Figure 7. The chemosensitivity of high- and low-risk groups. The high-risk group was related to a lower IC50 for (A) docetaxel, (B) rapamycin and high IC50 for (C) mitomycin C, whereas the IC50 of (D) cisplatin, (E) doxorubicin, and (F) paclitaxel showed no significant difference between the two groups.
Discussion
Gastric cancer has a high incidence and mortality rates in East Asia (Yang et al., 2018; Sung et al., 2021). At present, many prognostic models have been established to predict the prognosis of GC patients. Prognostic models constructed on the basis of absolute gene expression may not be suitable for direct comparison due to differences in sequencing methods that have generated different data sets, and thus weakens their predictive value. Prognostic models constructed on relative rankings of gene transcript expression level may overcome these differences across data groups caused by different sequencing platforms, and can be used to compare different data sets (Li et al., 2017; Zhao E. et al., 2021).

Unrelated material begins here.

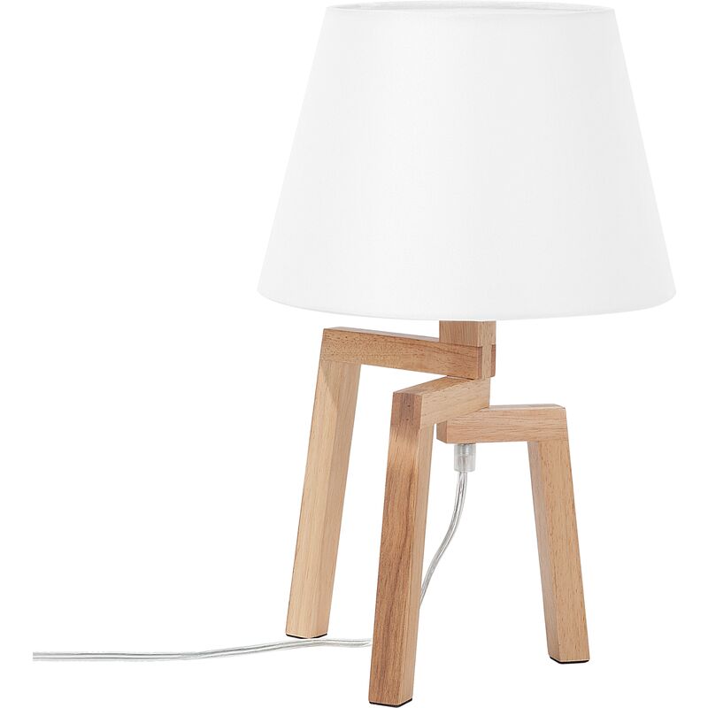 Lampe de Table à Poser Déco 3 Pieds en Bois et Abat-jour en Tissu Blanc E14 Max 40W Multifonctionnelle et Élégante pour Intérieurs Modernes Baliani

In recent years, researchers have gradually realized that the heterogeneity of tumors is the primary reason for drug resistance and treatment failure (Burrell et al., 2013). In addition to the heterogeneity of tumor cells, the complex tumor microenvironment (TME) also has a significant effect on the occurrence, progression, and development of drug resistance of tumors (Junttila and de Sauvage, 2013; Quail and Joyce, 2013). The TIME is an important element characterizing the TME and has a profound effect on tumor progression (Hinshaw and Shevde, 2019), in addition, cancer immunotherapy has brought new hope to patients with advanced cancers (Iwai et al., 2005; Sharma and Allison, 2015). A precise evaluation of the tumor is the premise for precise treatment. Combined positive score (CPS) has been applied to the immunotherapy of GC (Kulangara et al., 2019). More accurate immune-related models and scores are urgently needed to evaluate prognosis, immune cell infiltration, and therapeutic effects of GC patients. LncRNAs are well known players in tumor progression (Huarte, 2015), furthermore, lncRNAs are also involved in the anti-tumor immune response, infiltration of immune cells, and in tumor immunosuppression (Luo et al., 2020). Therefore, IRlncRNAs have increasingly been adopted as biomarkers to diagnose tumors and to predict their prognosis, and it is believed that IRlncRNAs could be targets for tumor immunotherapy (Li Y. et al., 2020; Wang et al., 2021; Zhao K. et al., 2021). Thus, we established a prognostic model based on IRlncRNAPs in GC, and explored its predictive ability for survival of GC patients, and evaluated the clinical characteristics, immune cells infiltration, and chemosensitivity of GC patients based on our immune riskScore.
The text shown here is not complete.